И хотя проблема утраты в будущем национальных корней и родного языка волновала старшее поколение харбинцев (особенно остро эту проблему ощущали поэты - хранители национальных корней великой русской поэзии, носители поэтического слова), все же у дальневосточной диаспоры было больше шансов воспитать своих детей в русском духе, чем у западноевропейской и американской. Русские харбинцы осознавали это и гордились, подчеркивая свое преимущество: «Российские эмигранты, проживающие в Манчжурской Империи, теперь являются единственными наследниками и хранителями русской культуры, которая является мировой гордостью», -писалось в журнале «Российская эмигрантская культура...». А в аннотации к сборнику российских поэтов «У родных рубежей» подчеркивалось, что «для всех очевидно, что подлинные культурные центры российской эмиграции существуют ныне на восточно-азиатских землях и что Харбин, в частности, сохраняет все условия, необходимые для оригинального творчества в поэзии и в литературе».

Лирика А. Несмелова харбинского периода. Основные темы и мотивы, их художественное воплощение в поэзии 1925-1944 гг

В Харбине, по словам А. Несмелова, ничего интересного с ним не происходило [41, 237]. До выхода первого харбинского сборника оставалось еще несколько лет. "Первое время в Харбине было для А. Несмелова относительно благополучным - бывший "белый" неожиданно оказывается сотрудником советской харбинской газеты "Дальневосточная трибуна"36, он даже смог выписать себе из Владивостока жену и маленькую дочку», - пишет Е. Витковский [108, 10]. Кроме этого поэт-эмигрант поддерживает связь с некоторыми советскими изданиями («Советская Сибирь», «Сибирские огни»).

Начальный этап харбинского периода творчества А. Несмелова характеризуется появлением так называемых «советских» произведений: стихотворений "Аккумулятор класса", "1905-му году" и поэмы "Декабристы", характерных именно для этого периода творческой эволюции А. Несмелова.
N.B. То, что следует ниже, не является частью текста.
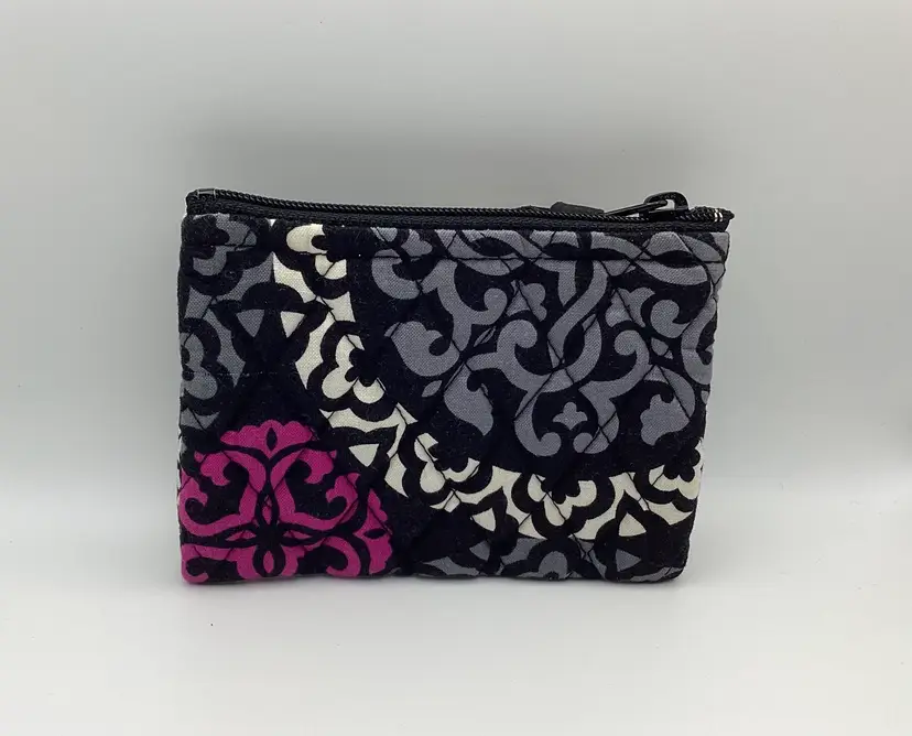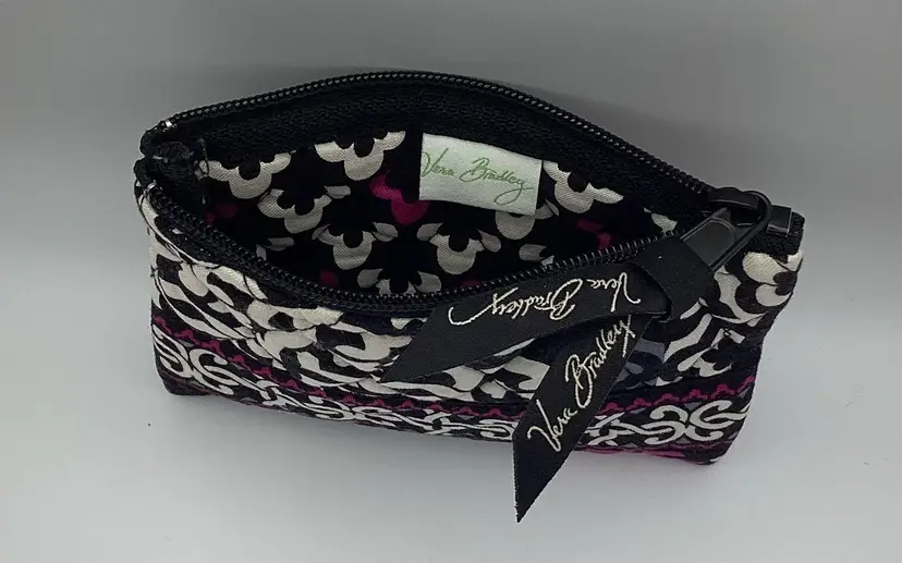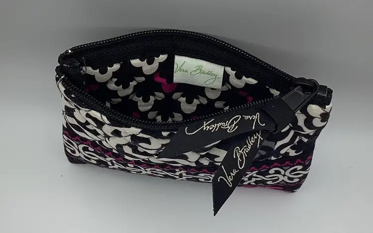 Brand: Vera Bradley Identifier: Tag inside and Ribbon outside Features: Zipper / Decorative band across the front Material: Cloth Pattern/Design: Canterbury Magenta Color: Black / White / Gray / Magenta Measurements: Height - 3 and 3/4” Width - 5”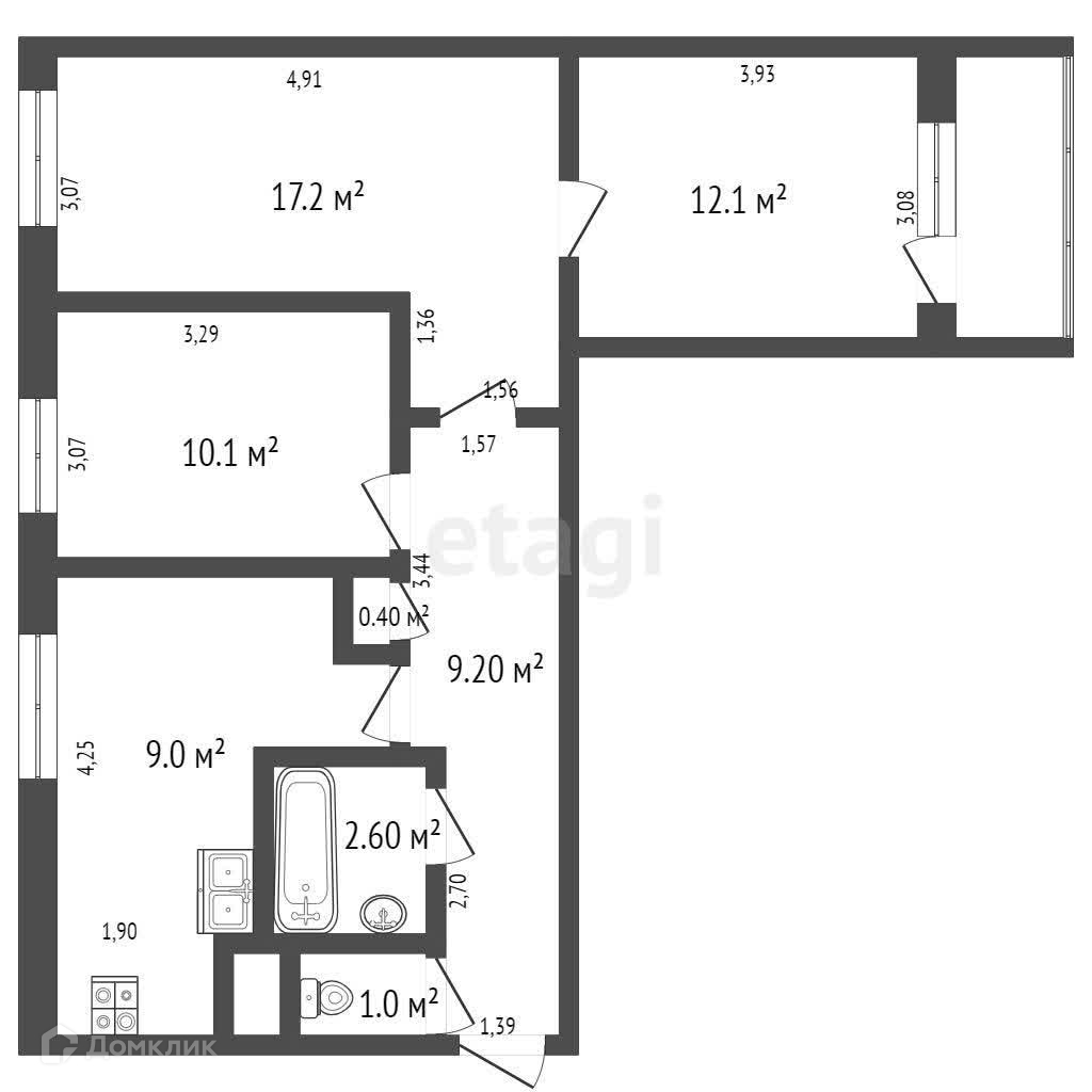 3-комнатная квартира, 62.3 м2, этаж 7 / 9, на продажу в Санкт-Петербурге, Дунайский проспект, 48к1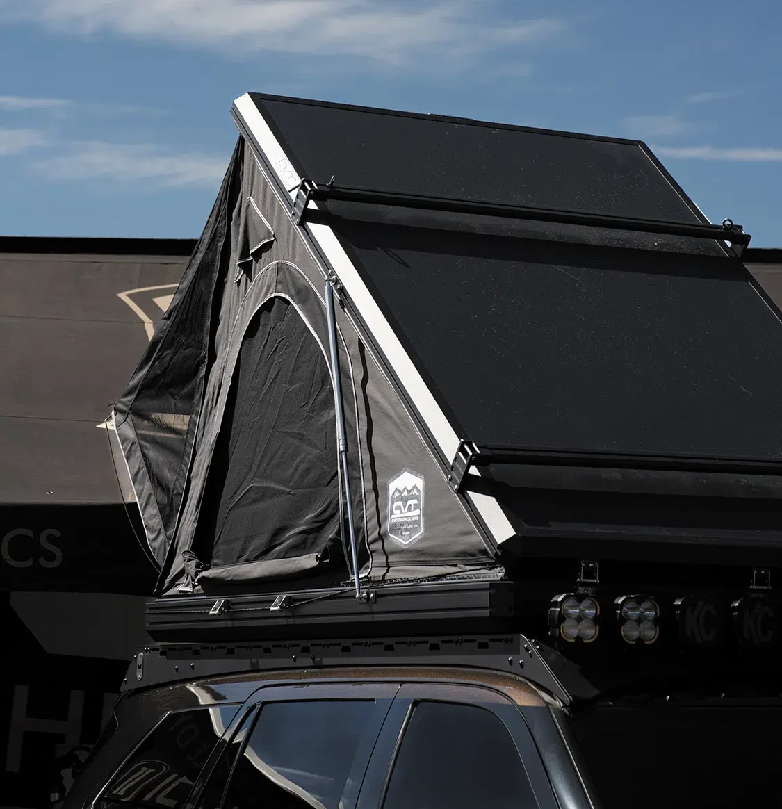 TRD Pro grille; AlphaRex NOVA-Series LED projector headlights; 10 KC HiLiTES secondary lights; CBI Offroad Covert bumpers; Westcott Designs roof rack; Cascadia Vehicle Tents Mt. Hood aluminum hard shell rooftop tent; Cascadia Vehicle Tents 270-degree awning; Factory Smoked Mesquite paint
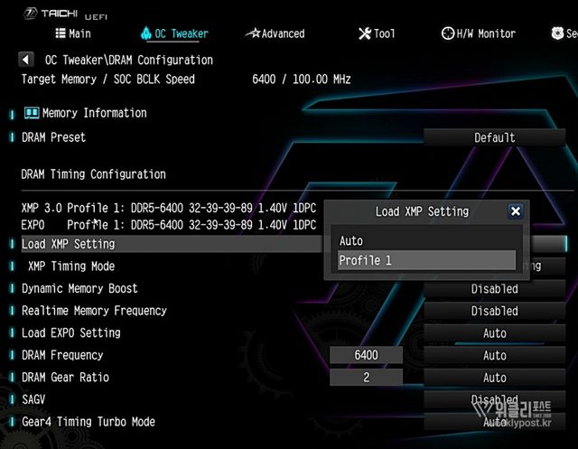 고성능 오버클럭 메모리를 사용하는 경우 XMP나 EXPO를 반드시 알고 있어야 한다. 메모리에 공급되는 전압과 각종 타이밍, 레이턴시를 일일이 설정하는 건 마니아로서도 매우 어려운 일이다. 이를 좀 더 쉽게 설정할 수 있는 것이 XMP와 EXPO라 할 수 있다. 메모리가 사용할 전압과 각종 설정을 프로파일 형태로 메모리가 갖고 있다가, 메인보드에서 해당 값을 호출하면 자동으로 설정해 주는 기능인데, 쉽고 빠르게 오버클럭 메모리의 설정을 마무리할 수 있다.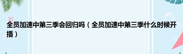 导读 大家好,今天小六子来为大家解答以下的问题,关于全员加速中第三季会回归吗,全员加速中第三季什么时候开播这个很多人还不知道,现在让我们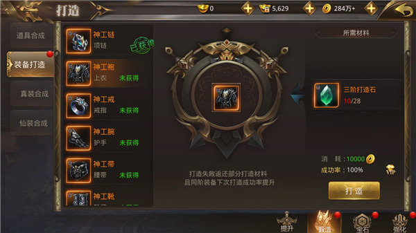 可打造的装备分为5阶,每提升1阶装备战力将获得大幅度提升;不同阶数的装备打造需要消耗不同等级的打造石;而这些打造石的获取方式有很多,从游戏活动、装备副本、主线副本中都能得到。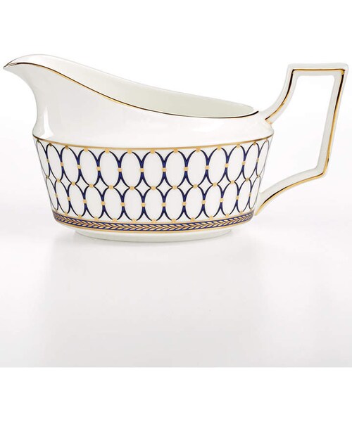 Embellished with intricate garlands, oval links and a fanciful dragon motif, this Wedgwood dinnerware evokes Europe's glorious Renaissance period. Rendered in deep blue and gold to transform any formal meal into a spectacular royal gala.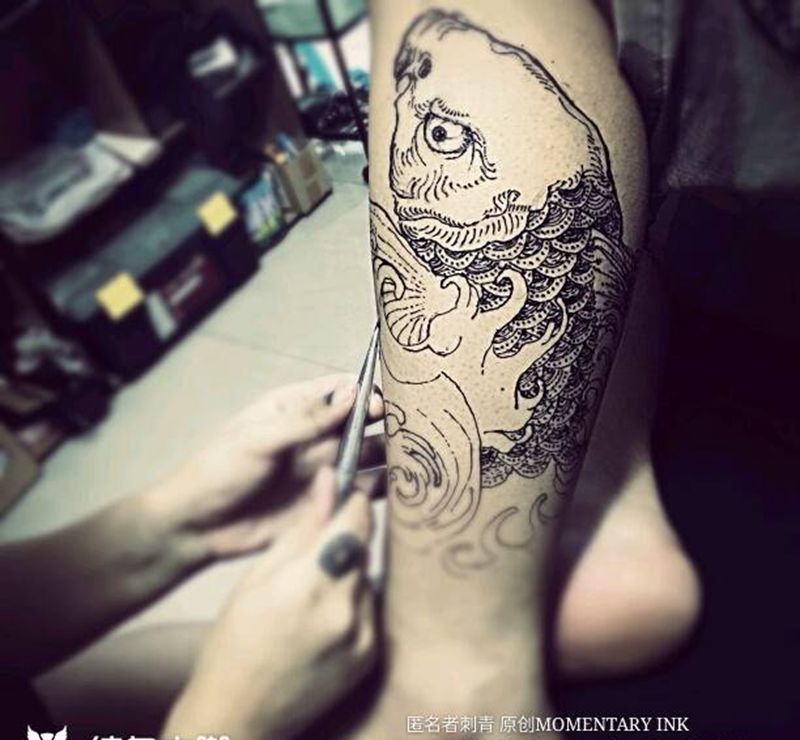 招财鲤鱼纹身图片_腿部传统国画动物原创艺术黑灰海娜成品纹身图案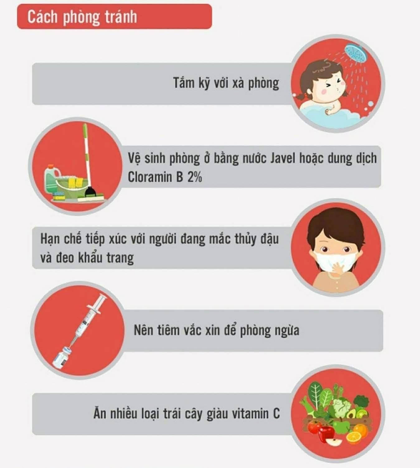 – Tiêm vắc xin phòng thủy đậu đầy đủ, đúng lịch là biện pháp phòng bệnh hiệu quả nhất.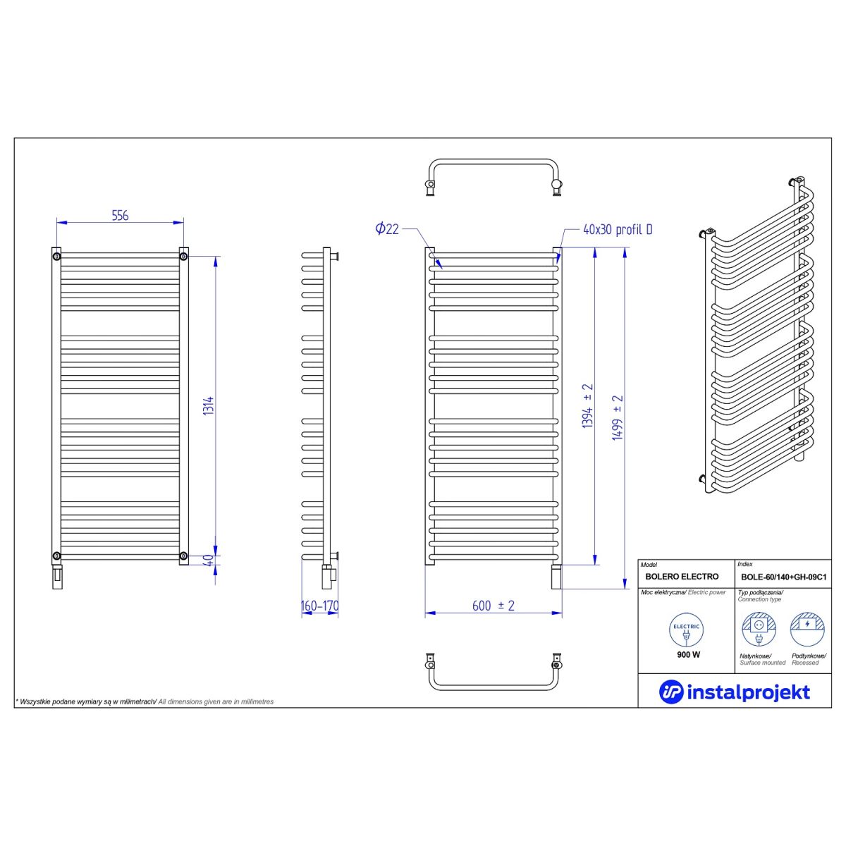 Instal Projekt Bolero Electro Elektrischer Heizkörper 139.4x60 cm weiß BOLE-60/140+GH-09C1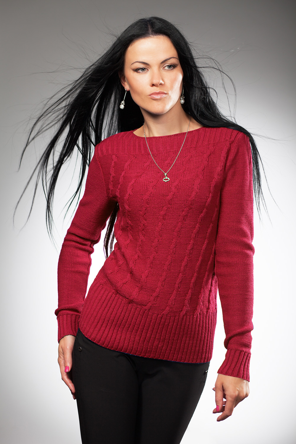 Модный вязаный джемпер. Вырез "лодочка", вывязанный в рубчик, узор - изнаночная гладь, на полочке эффектный узор из "жгутиков" под наклоном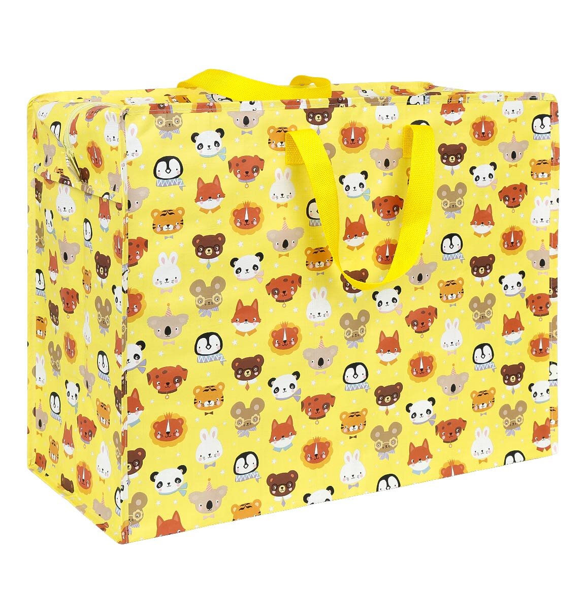 Velká úložná taška s potiskem zvířátek je ideální pro skladování oblečení, přikrývek a hraček, ale lze ji také použít na pláž nebo do bazénu. Taška je vyrobena z recyklovaného plastu a zavírá se na zip. Tašku lze snadno složit, takže pokud jí zrovna nevyužíváte, nezabírá příliš místa.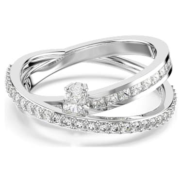 This twisting Hyperbola ring integrates multiple styles in one beautifully compact design. Its two overlapping rhodium plated bands are adorned with clear Zirconia in channel and prong settings. An additional oval-cut crystal is placed in between for added impact. Pair with a matching bangle for a truly showstopping look. Article no.:5691228 Collection: Hyperbola Material: Rhodium…

Они стоят особняком в его творчестве - автор, в прошлом белый офицер, колчаковец, как бы становится на позиции провозглашения идей враждебного ему победившего класса.

Ю. Иванов относит эти произведения к доэмигрантскому периоду А. Несмелова. В частности, он считает, что они написаны во Владивостоке «с желанием задобрить новых хозяев России» [142, 31].

Однако на основании ряда общих признаков, характерных для этих произведений, мы полагаем, что они написаны А. Несмеловым уже в Харбине. Во-первых, все три произведения опубликованы в 1925 году и были приурочены к юбилейным датам: 20-летию восстания 1905 года, годовщине смерти В. И. Ленина и 100-летию восстания декабристов. Кроме того, эти произведения объединены не просто революционной тематикой, но и единой тональностью: поэт не только обращается к революционным событиям, но он как бы становится «певцом» другого стана, провозглашая незыблемость его идеи .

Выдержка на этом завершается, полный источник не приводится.